Neither Kelley nor Miller is factually analogous to lend support to Appellant’s position. In Kelley, the defendant was found intoxicated in the passenger seat of a wrecked automobile with the driver’s door open. Kelley, 294 S.W.2d at 404. When questioned, the defendant replied, “they are gone” or “they are not here anymore.” Id. The Court of Criminal Appeals held that the State did not disprove the hypothesis that another person could have driven the vehicle and found the evidence insufficient to support a conviction for driving while intoxicated. Id. at 404-05. Moreover, the State is not required to exclude every other reasonable hypothesis other than the guilt of the defendant. Geesa v. State, 820 S.W.2d 154, 156 (Tex.Crim.App. 1991), overruled on other grounds , Paulson v. State, 28 S.W.3d 570 (Tex.Crim.App. 2000). In Miller, the El Paso court found the evidence to be legally and factually sufficient where the defendant was found asleep behind the wheel of his vehicle that was parked in the middle of the road with the engine running. Miller, 2005 WL 427504, at *5.

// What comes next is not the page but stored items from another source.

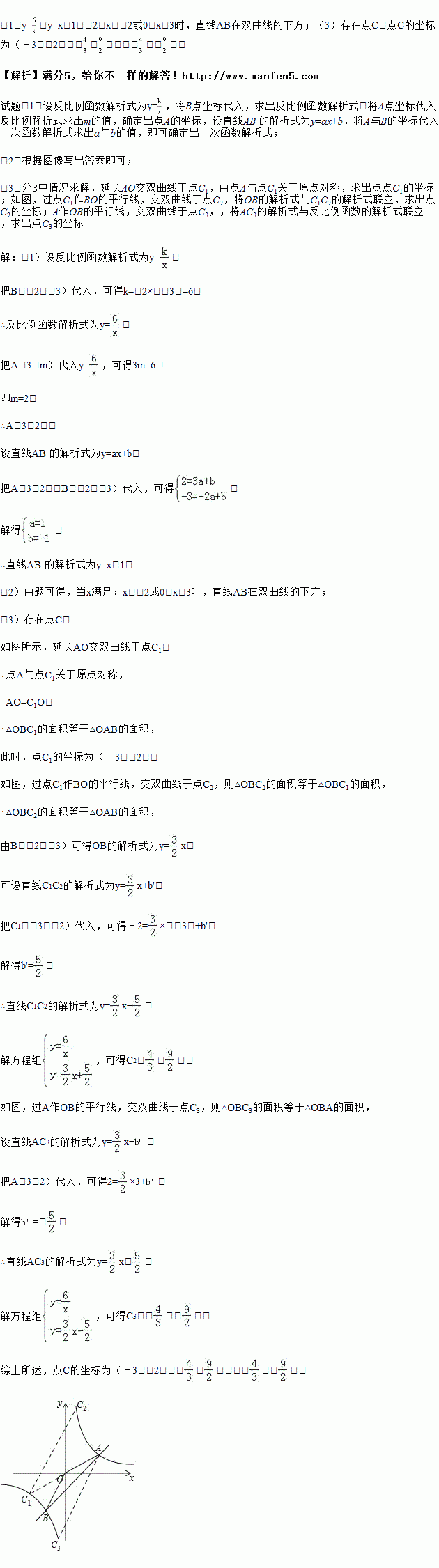 (3)反比例函数的图象上是否存在点C,使得△OBC的面积等于△OAB的面积?如果不存在,说明理由;如果存在,求出满足条件的所有点C的坐标.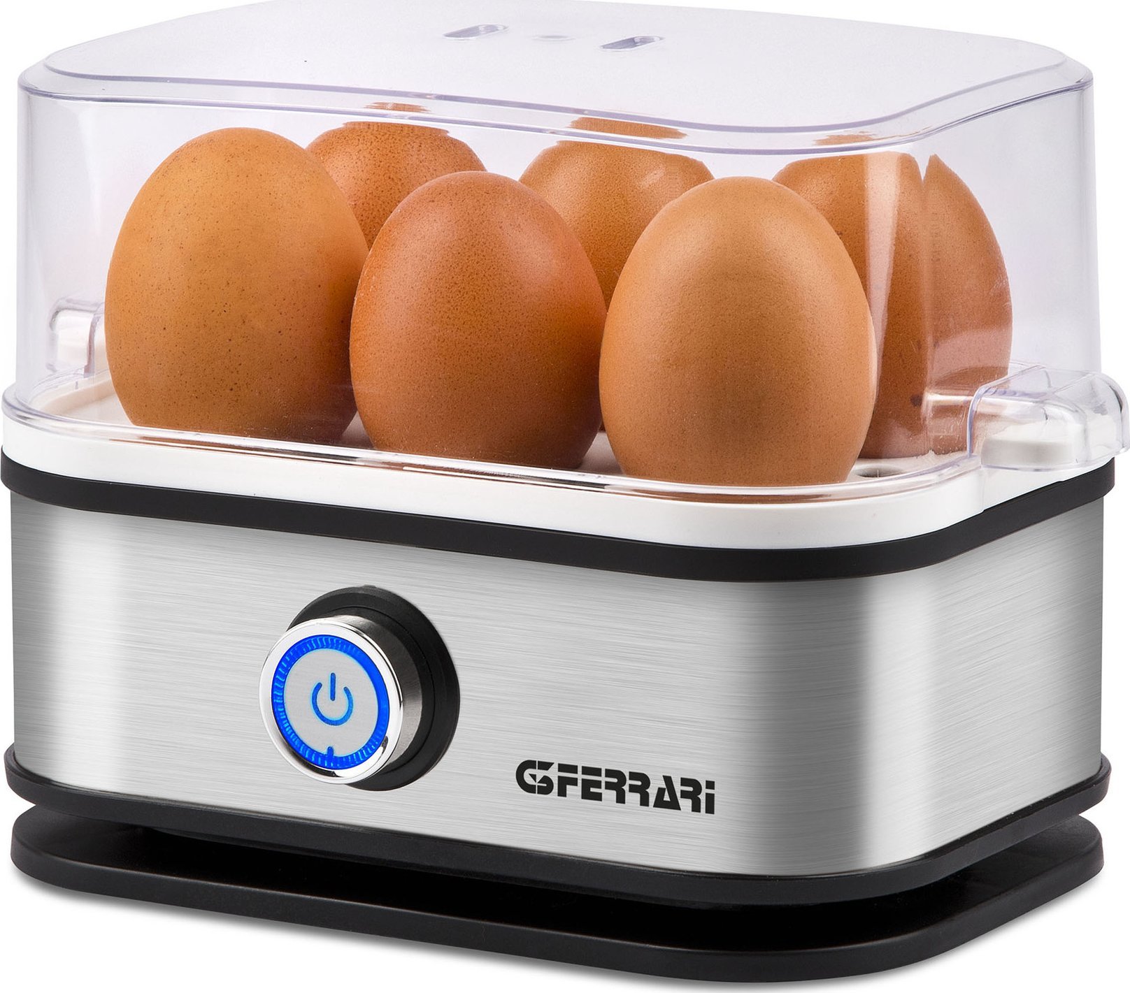 яйцеварка, потужність 400 Вт, приготування на пару до 6 яєць, варильна поверхня з нержавіючої сталі, кнопка увімкнення/вимкнення з індикатором живлення, корпус з нержавіючої сталі, втягувач кабелю, нековзні ніжки, живлення: змінний струм 220-240 В ~ 50-60 Гц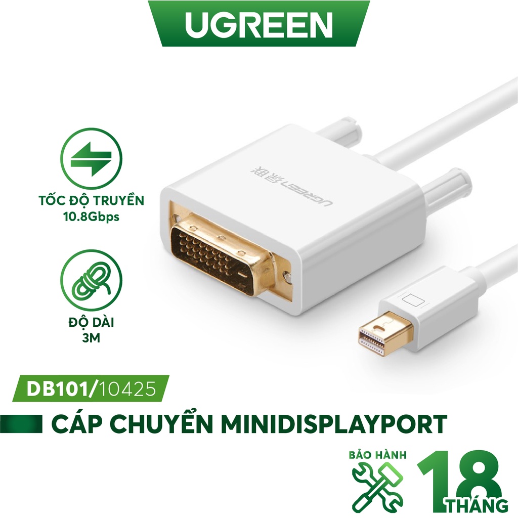 Cáp chuyển đổi Mini Displayport to DVI dài 3m Ugreen 10425 cho phép bạn kết nối một màn hình máy tính DVI với card video Mini DisplayPort giúp tiết kiệm các chi phí của việc nâng cấp màn hình cho khả

In Appellant’s case, there is no evidence in the record which suggests anyone other than Appellant operated the vehicle. In fact, the evidence indicates that it would be unlikely, if not illogical, that some unknown driver would switch places with Appellant, exit through the passenger side door, and flee the scene in the forty-five seconds it took for Malone to return to the scene of the collision. The jury, as trier of fact, may choose to believe all, some, or none of any witness's testimony. Sharp v. State, 707 S.W.2d 611, 614 (Tex.Crim.App. 1986). A jury's decision is not manifestly unjust merely because it resolved conflicting views of evidence in favor of the State. Cain, 958 S.W.2d at 410. Viewing the totality of the evidence in the light most favorable to the prosecution, we conclude a rational trier of fact could have found beyond a reasonable doubt that Appellant was the sole operator of the vehicle. Therefore, the trial court did not err in denying Appellant’s motion for directed verdict. We further conclude the evidence is not so weak or so against the overwhelming weight of the evidence as to render the jury's verdict to be clearly wrong and unjust. Appellant's point of error is overruled.
Accordingly, the trial court’s judgment is affirmed.
Patrick A. Pirtle Justice Do not publish.